Friday 19 January 2018

Facebook to stop taking IPO orders

An investor holds prospectus explaining the Facebook stock after attending a show for Facebook Inc's initial public offering at the Four Season's Hotel in Boston, Massachusett. Photo: Reuters
An investor holds prospectus explaining the Facebook stock after attending a show for Facebook Inc's initial public offering at the Four Season's Hotel in Boston, Massachusett. Photo: Reuters

FACEBOOK plans to stop taking orders for its initial public offering tomorrow, two days ahead of schedule. The offer of 337.4m shares at $28 (€21.8) to $35 each has been oversubscribed. A spokesman for Facebook declined to comment. "They're swamped with the orders that are in," said Jon Merriman, chief executive officer at investment firm Merriman Holdings in San Francisco. "They just need time to determine the price. They can send the message -- the books are closing, send in your orders now."

Moody's warning of Irish mortgage risk

FINANCE

Ratings agency Moody's has warned that investors are at risk because of Irish mortgage losses. Last night Moody's said it put the credit rating of 16 bonds backed by pools of Irish home loans on review for possible downgrade. "Moody's is particularly concerned that exposure to negative equity in the mortgage pools backing the notes could lead to high loss severities," it said in a statement. The move affects international lenders that financed six pools of mortgages totalling about €17.3bn of debt.

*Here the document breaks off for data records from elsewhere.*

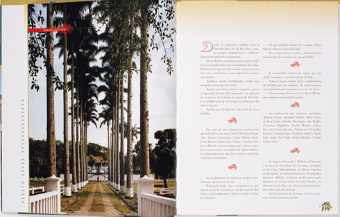 リオデジャネイロ州ヴァソウラス市郊外に位置する、修繕された19世紀のコーヒー農園の写真集。テキストでは、農園の歴史や修繕の経緯に加えて、ブラジルやリオデジャネイロ州におけるコーヒー生産の歴史について解説している。コーヒーの谷の豊富な歴史遺産の保護を促し、地域の観光振興を願って制作された。帝政時代にブラジル経済を支えたコーヒー農園主たちの暮らしぶりが想像できる一冊。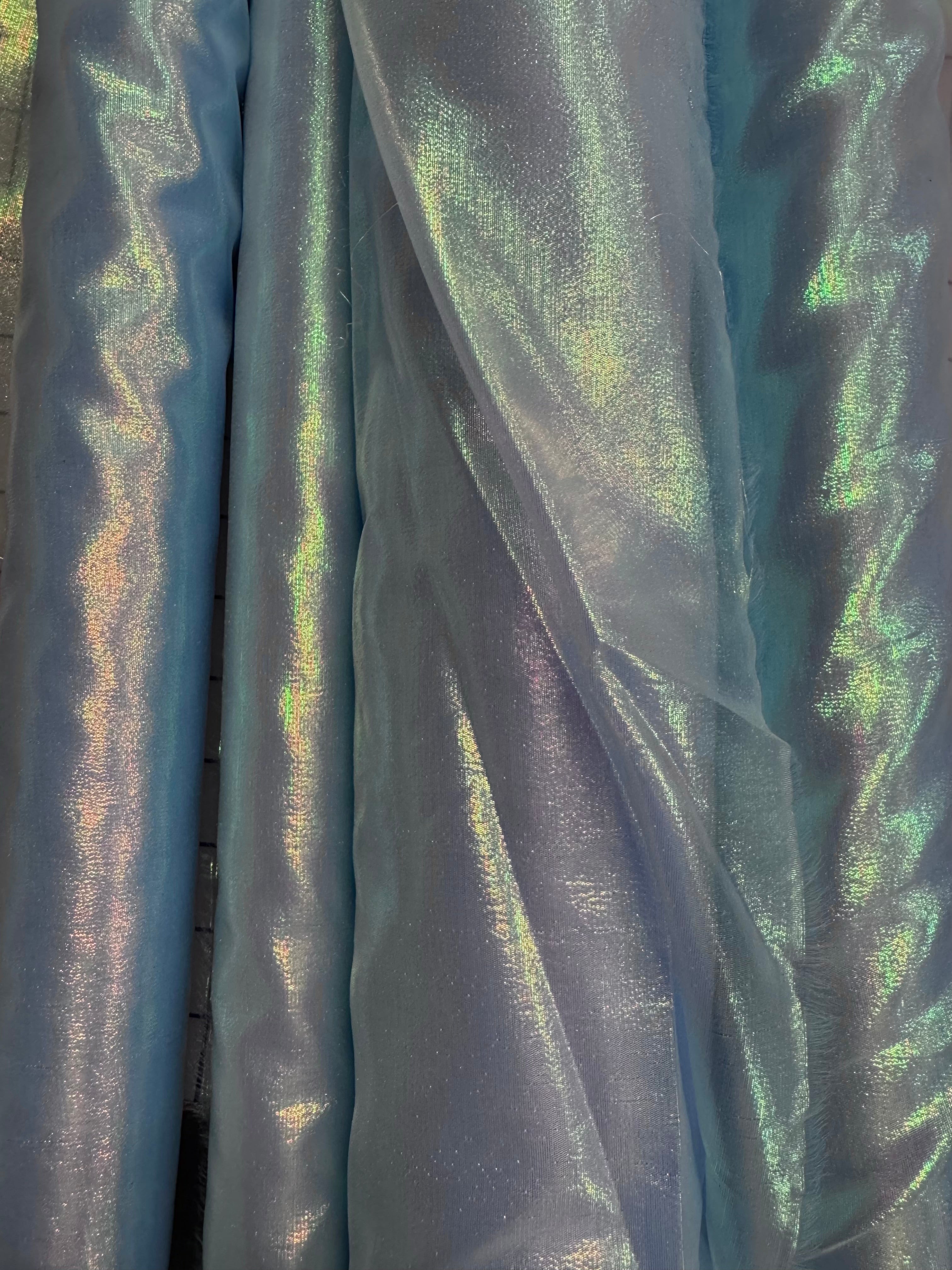 Priced per yard. Sheer Opalescence. Blue - a cool, sky blue shade. A beautifully sheer fabric.
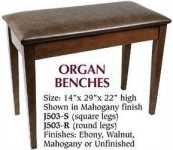 The look and feel of these quality organ benches is the result of our constant attention to detail. All benches are constructed of hardwood Maple legs.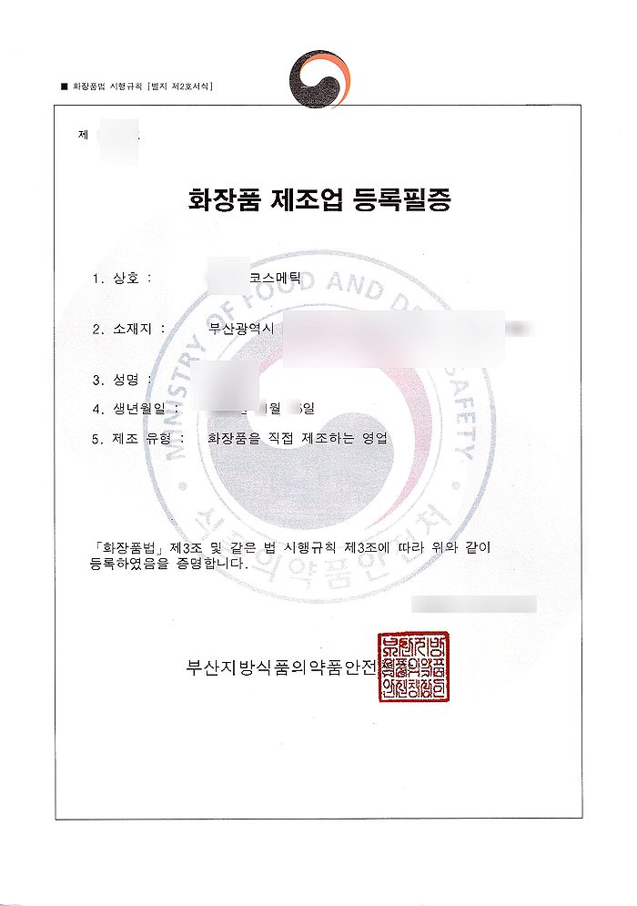 화장품제조업을 등록하기 위해서는 공간이 반드시 필요합니다. 간혹 생활화학제품 신고 후 판매하시는 분들이 집에서 가능하냐고 문의하시는데, 생활화학제품은 가능하지만, 향수와 같은 화장품은 집에서 시설 등록 하는 것이 불가능합니다.

Hospital will return to profit -- Leyden

ACCOUNTS

THE chief executive of private hospital Clane General Hospital in Co Kildare expects the hospital to return to profit this year. Sean Leyden projected the facility returning to profit this year after confirming yesterday that the private hospital recorded a break even in 2011. This followed the hospital sustaining pre-tax losses of €777,955 in 2010 and this included non-cash depreciation costs of €553,865.

Channel 4 looks to new programming

MEDIA

CHANNEL 4 is looking to new shows such as US thriller 'Homeland' to turn around the fortunes of its flagship network, after it ran up more than £40m (€50m) in losses last year. Revenues at Channel 4 fell by £19.5m to £622.1m in 2011, as the channel's share of the advertising market shrank, the group said. The drop came as viewing fell by 3pc. The channel posted an operating loss of £42.3m, a sharp rise on the £7.7m loss a year earlier.